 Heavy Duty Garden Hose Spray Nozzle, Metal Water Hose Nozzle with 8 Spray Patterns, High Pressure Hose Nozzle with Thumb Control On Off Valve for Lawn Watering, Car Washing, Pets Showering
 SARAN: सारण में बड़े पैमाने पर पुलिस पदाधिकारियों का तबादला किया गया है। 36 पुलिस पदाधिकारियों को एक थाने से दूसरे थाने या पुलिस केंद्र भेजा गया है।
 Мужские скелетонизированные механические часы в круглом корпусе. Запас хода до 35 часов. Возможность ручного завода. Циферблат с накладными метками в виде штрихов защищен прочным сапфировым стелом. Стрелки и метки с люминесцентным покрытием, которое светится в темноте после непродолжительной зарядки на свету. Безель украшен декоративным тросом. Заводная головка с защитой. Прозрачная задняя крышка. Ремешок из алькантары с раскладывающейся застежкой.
---
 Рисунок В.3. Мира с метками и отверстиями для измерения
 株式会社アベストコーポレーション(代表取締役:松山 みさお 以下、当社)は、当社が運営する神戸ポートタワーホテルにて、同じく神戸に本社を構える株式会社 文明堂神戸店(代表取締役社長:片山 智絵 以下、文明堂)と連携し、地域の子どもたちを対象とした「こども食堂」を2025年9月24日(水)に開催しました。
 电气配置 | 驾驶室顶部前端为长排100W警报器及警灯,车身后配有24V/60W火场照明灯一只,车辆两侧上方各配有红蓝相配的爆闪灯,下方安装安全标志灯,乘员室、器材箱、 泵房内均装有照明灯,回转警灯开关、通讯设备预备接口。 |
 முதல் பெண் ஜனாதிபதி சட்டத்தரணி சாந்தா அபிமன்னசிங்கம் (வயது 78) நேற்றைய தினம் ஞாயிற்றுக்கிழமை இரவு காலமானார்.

> **WORK ORDER**: Within the material above, the line with "Рисунок В.3. Мира" opens the range and the line with "முதல் பெண் ஜனாதிபதி" closes it; reproduce that range word for word.

> **FINAL ANSWER**:
 Рисунок В.3. Мира с метками и отверстиями для измерения
 株式会社アベストコーポレーション(代表取締役:松山 みさお 以下、当社)は、当社が運営する神戸ポートタワーホテルにて、同じく神戸に本社を構える株式会社 文明堂神戸店(代表取締役社長:片山 智絵 以下、文明堂)と連携し、地域の子どもたちを対象とした「こども食堂」を2025年9月24日(水)に開催しました。
 电气配置 | 驾驶室顶部前端为长排100W警报器及警灯,车身后配有24V/60W火场照明灯一只,车辆两侧上方各配有红蓝相配的爆闪灯,下方安装安全标志灯,乘员室、器材箱、 泵房内均装有照明灯,回转警灯开关、通讯设备预备接口。 |
 முதல் பெண் ஜனாதிபதி சட்டத்தரணி சாந்தா அபிமன்னசிங்கம் (வயது 78) நேற்றைய தினம் ஞாயிற்றுக்கிழமை இரவு காலமானார்.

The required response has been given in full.